## Your assignment
The expected output is the line bearing "①暴雨泥石流:西部和半濕潤、半干旱氣候過渡帶" followed by all remaining lines of the records, each restated word for word.

:::

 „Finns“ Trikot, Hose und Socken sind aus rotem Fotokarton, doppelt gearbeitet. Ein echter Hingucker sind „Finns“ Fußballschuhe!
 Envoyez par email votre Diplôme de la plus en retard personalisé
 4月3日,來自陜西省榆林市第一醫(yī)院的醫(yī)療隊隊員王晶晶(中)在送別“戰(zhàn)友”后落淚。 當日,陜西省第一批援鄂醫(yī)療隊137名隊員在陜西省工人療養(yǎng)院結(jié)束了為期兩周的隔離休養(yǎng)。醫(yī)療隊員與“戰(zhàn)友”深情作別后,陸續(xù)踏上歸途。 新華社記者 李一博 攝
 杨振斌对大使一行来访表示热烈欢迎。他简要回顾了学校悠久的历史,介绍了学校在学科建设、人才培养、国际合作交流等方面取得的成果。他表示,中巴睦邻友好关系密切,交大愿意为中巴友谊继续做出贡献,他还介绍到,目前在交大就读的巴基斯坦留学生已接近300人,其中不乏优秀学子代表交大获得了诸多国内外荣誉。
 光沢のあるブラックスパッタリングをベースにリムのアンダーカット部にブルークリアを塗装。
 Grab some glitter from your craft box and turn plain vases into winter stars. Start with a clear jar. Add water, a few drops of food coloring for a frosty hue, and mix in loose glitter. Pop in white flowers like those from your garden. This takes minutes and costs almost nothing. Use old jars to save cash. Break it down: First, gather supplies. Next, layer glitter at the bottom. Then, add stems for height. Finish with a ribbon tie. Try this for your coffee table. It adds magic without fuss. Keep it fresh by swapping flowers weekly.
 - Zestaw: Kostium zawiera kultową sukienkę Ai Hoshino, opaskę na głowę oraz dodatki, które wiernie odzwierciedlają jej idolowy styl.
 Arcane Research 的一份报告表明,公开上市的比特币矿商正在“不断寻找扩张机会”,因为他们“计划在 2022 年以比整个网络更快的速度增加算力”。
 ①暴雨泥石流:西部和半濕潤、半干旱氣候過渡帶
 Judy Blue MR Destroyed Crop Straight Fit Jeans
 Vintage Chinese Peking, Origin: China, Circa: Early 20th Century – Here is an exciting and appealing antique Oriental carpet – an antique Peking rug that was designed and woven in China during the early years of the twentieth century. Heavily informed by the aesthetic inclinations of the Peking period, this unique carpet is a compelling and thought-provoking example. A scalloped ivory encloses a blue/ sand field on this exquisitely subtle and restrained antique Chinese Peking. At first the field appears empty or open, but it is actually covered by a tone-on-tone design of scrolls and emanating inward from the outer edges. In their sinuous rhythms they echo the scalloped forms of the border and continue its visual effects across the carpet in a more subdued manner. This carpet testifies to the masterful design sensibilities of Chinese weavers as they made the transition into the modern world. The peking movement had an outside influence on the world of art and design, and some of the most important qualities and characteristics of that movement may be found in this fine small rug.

:::

## Your response
 ①暴雨泥石流:西部和半濕潤、半干旱氣候過渡帶
 Judy Blue MR Destroyed Crop Straight Fit Jeans
 Vintage Chinese Peking, Origin: China, Circa: Early 20th Century – Here is an exciting and appealing antique Oriental carpet – an antique Peking rug that was designed and woven in China during the early years of the twentieth century. Heavily informed by the aesthetic inclinations of the Peking period, this unique carpet is a compelling and thought-provoking example. A scalloped ivory encloses a blue/ sand field on this exquisitely subtle and restrained antique Chinese Peking. At first the field appears empty or open, but it is actually covered by a tone-on-tone design of scrolls and emanating inward from the outer edges. In their sinuous rhythms they echo the scalloped forms of the border and continue its visual effects across the carpet in a more subdued manner. This carpet testifies to the masterful design sensibilities of Chinese weavers as they made the transition into the modern world. The peking movement had an outside influence on the world of art and design, and some of the most important qualities and characteristics of that movement may be found in this fine small rug.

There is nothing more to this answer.